[Records from a collection]
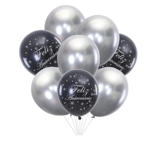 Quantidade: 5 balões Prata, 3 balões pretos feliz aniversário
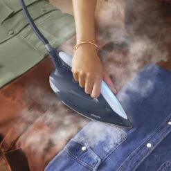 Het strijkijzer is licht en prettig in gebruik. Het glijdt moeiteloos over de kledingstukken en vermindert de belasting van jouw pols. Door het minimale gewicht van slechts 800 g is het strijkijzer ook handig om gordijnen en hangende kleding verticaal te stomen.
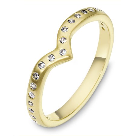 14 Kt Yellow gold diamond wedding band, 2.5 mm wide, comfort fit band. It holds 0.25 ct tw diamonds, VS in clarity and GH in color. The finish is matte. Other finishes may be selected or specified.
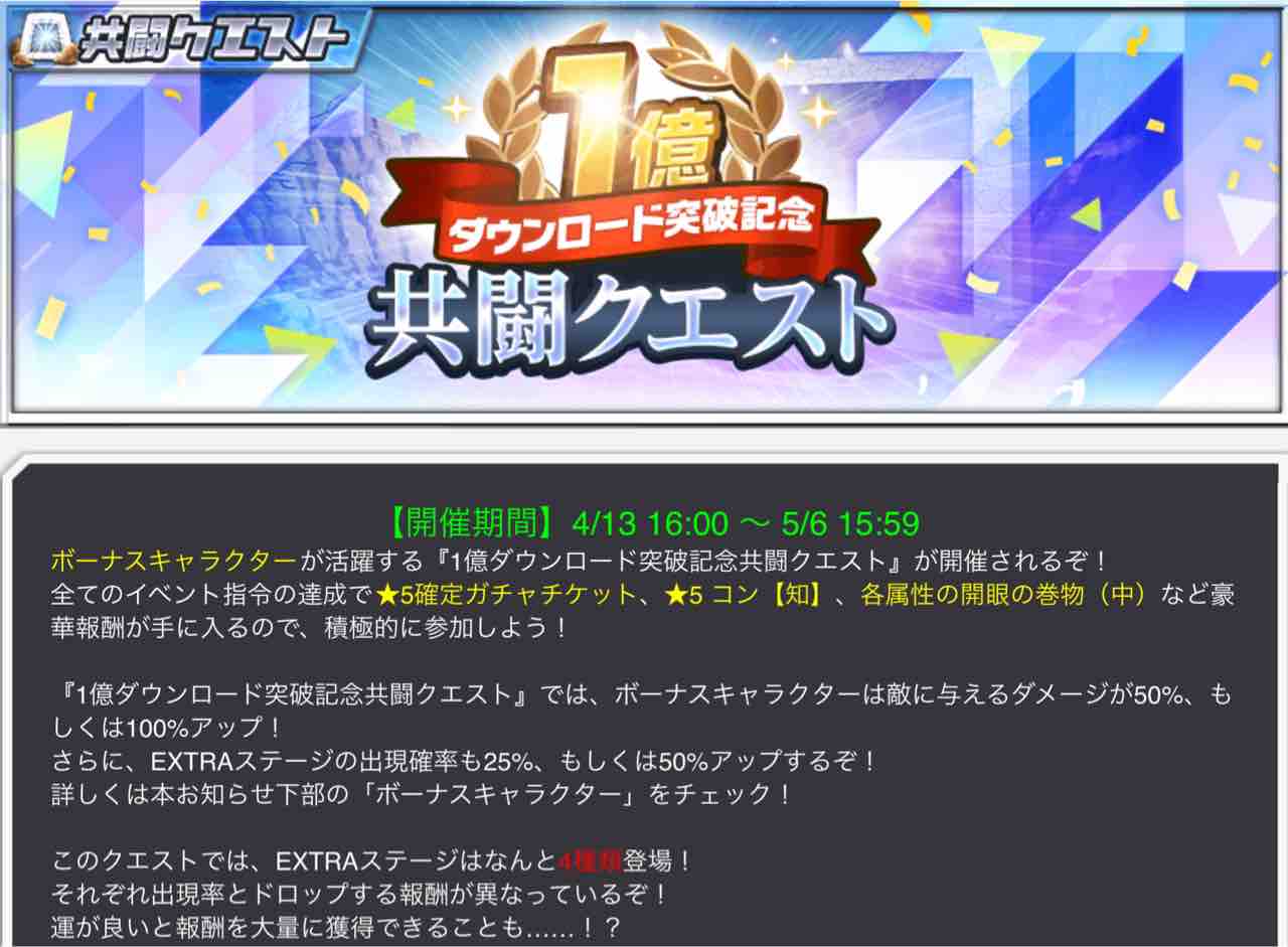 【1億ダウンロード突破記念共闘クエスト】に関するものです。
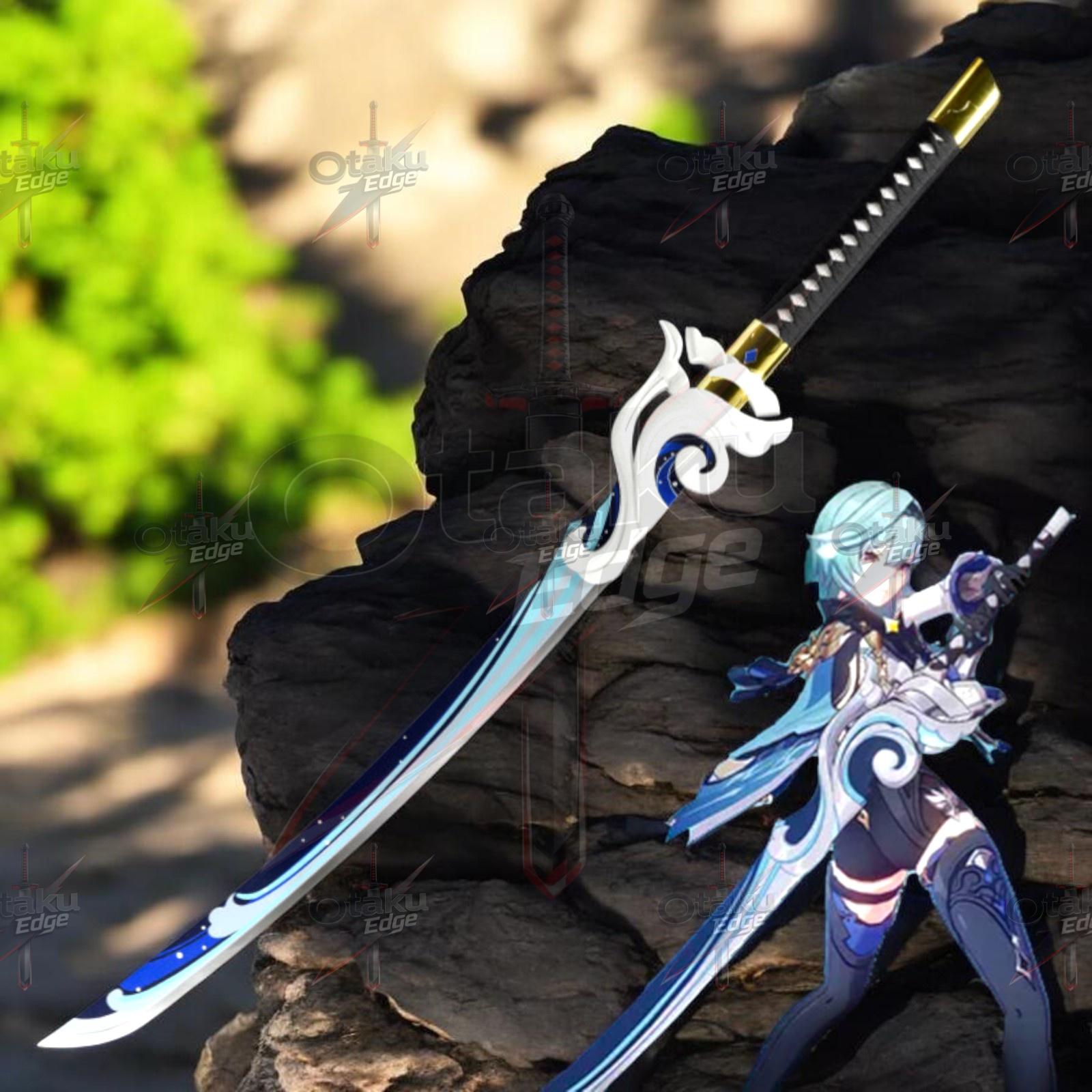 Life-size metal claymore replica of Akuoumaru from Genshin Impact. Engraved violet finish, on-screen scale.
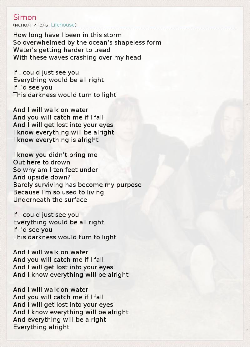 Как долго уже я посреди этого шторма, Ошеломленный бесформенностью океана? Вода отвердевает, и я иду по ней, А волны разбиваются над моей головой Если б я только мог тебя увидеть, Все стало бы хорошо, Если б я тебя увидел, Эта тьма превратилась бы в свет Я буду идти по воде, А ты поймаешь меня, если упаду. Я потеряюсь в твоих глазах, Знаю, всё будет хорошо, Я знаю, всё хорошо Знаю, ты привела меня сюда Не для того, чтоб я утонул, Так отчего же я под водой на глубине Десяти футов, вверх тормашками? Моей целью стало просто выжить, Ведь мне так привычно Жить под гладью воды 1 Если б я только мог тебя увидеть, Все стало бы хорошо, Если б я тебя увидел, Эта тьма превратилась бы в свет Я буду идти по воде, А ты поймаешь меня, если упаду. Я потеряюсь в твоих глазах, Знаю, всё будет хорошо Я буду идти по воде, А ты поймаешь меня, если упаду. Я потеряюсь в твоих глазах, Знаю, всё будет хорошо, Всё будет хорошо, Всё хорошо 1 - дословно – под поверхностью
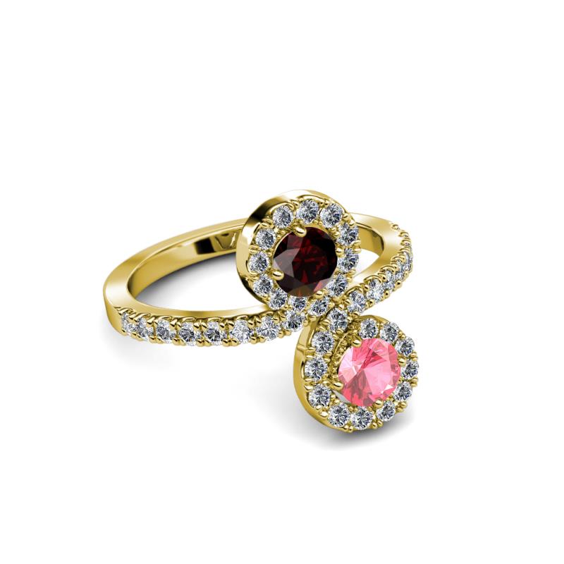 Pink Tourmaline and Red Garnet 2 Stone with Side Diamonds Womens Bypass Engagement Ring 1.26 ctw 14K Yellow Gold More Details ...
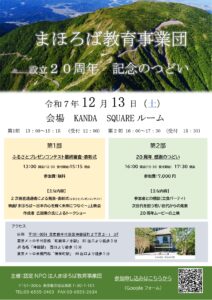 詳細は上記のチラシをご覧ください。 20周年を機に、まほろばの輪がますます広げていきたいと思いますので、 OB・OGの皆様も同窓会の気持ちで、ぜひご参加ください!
---
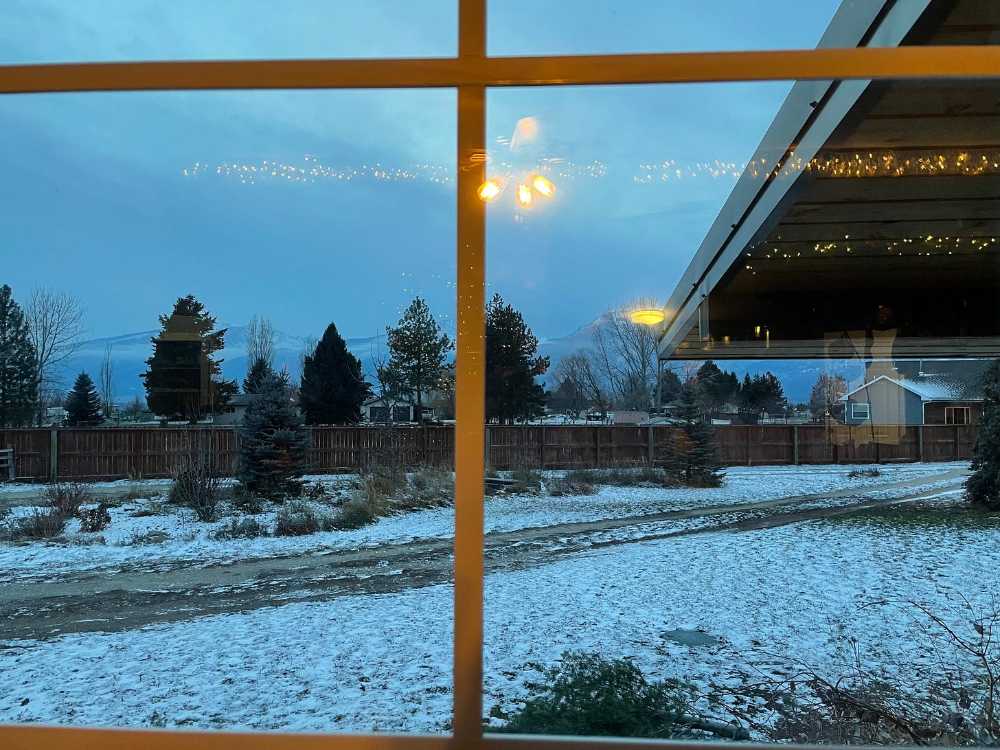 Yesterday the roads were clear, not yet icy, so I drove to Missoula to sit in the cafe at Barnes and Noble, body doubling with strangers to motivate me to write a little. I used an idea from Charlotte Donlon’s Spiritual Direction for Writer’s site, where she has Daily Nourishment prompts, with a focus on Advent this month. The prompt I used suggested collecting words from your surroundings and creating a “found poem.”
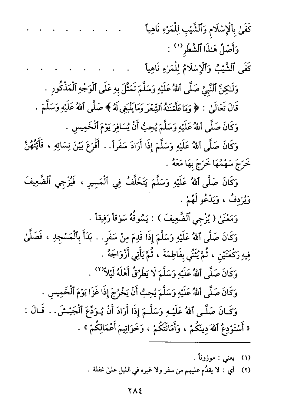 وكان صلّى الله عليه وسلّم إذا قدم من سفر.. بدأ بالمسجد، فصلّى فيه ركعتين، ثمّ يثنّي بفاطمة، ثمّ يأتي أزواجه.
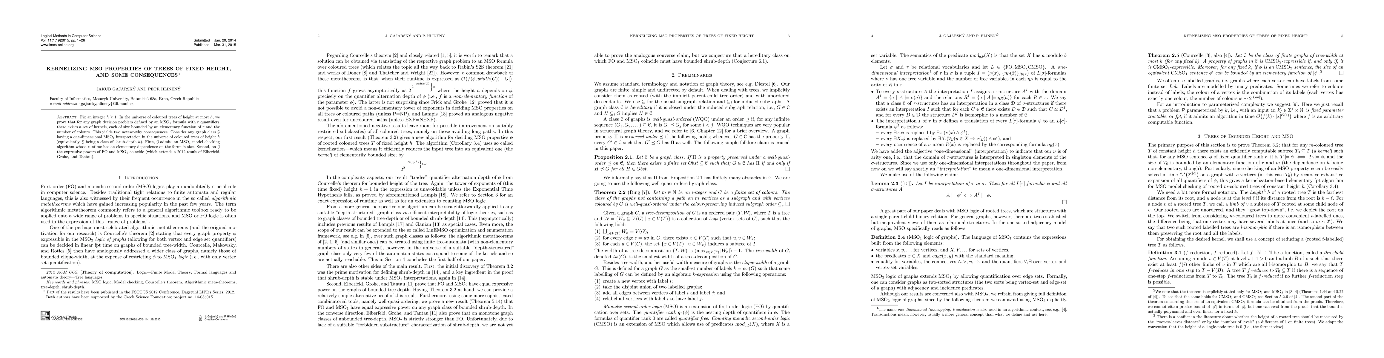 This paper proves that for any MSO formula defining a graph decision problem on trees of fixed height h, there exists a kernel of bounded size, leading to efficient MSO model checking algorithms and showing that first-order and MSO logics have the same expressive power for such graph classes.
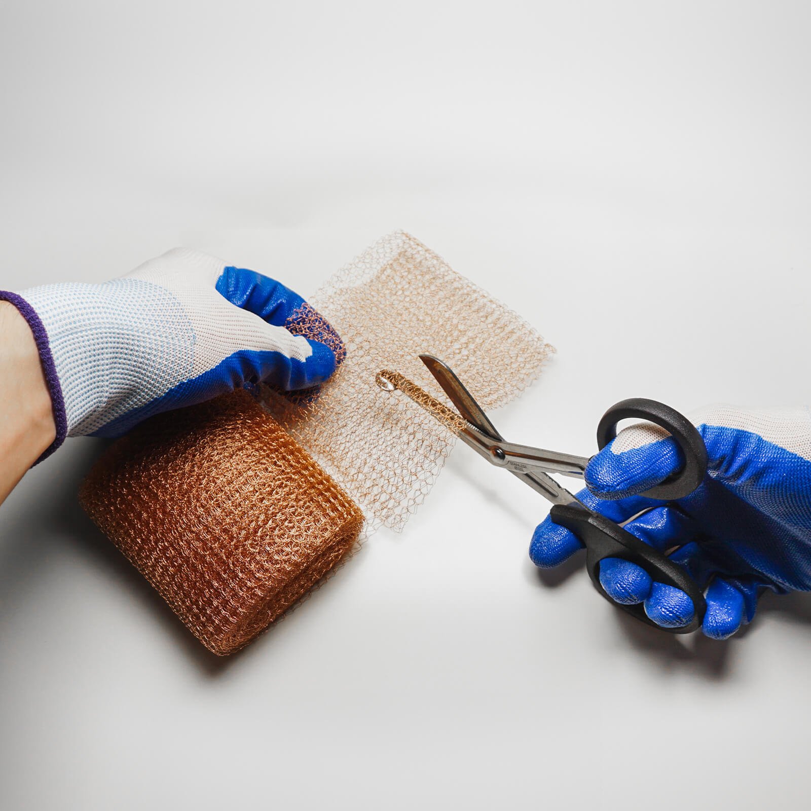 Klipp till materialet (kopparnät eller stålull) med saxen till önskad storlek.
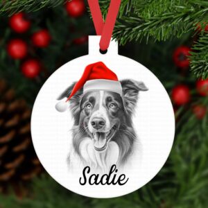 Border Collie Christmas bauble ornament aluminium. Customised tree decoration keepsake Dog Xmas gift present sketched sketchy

### Exercise requirements
Above are entries with pictures among them. Write out exactly the lines from the one containing "وكان صلّى الله" through the one containing "Border Collie Christmas", ends included, and leave those pictures out.

### Answer space
 وكان صلّى الله عليه وسلّم إذا قدم من سفر.. بدأ بالمسجد، فصلّى فيه ركعتين، ثمّ يثنّي بفاطمة، ثمّ يأتي أزواجه.
 This paper proves that for any MSO formula defining a graph decision problem on trees of fixed height h, there exists a kernel of bounded size, leading to efficient MSO model checking algorithms and showing that first-order and MSO logics have the same expressive power for such graph classes.
 Klipp till materialet (kopparnät eller stålull) med saxen till önskad storlek.
 Border Collie Christmas bauble ornament aluminium. Customised tree decoration keepsake Dog Xmas gift present sketched sketchy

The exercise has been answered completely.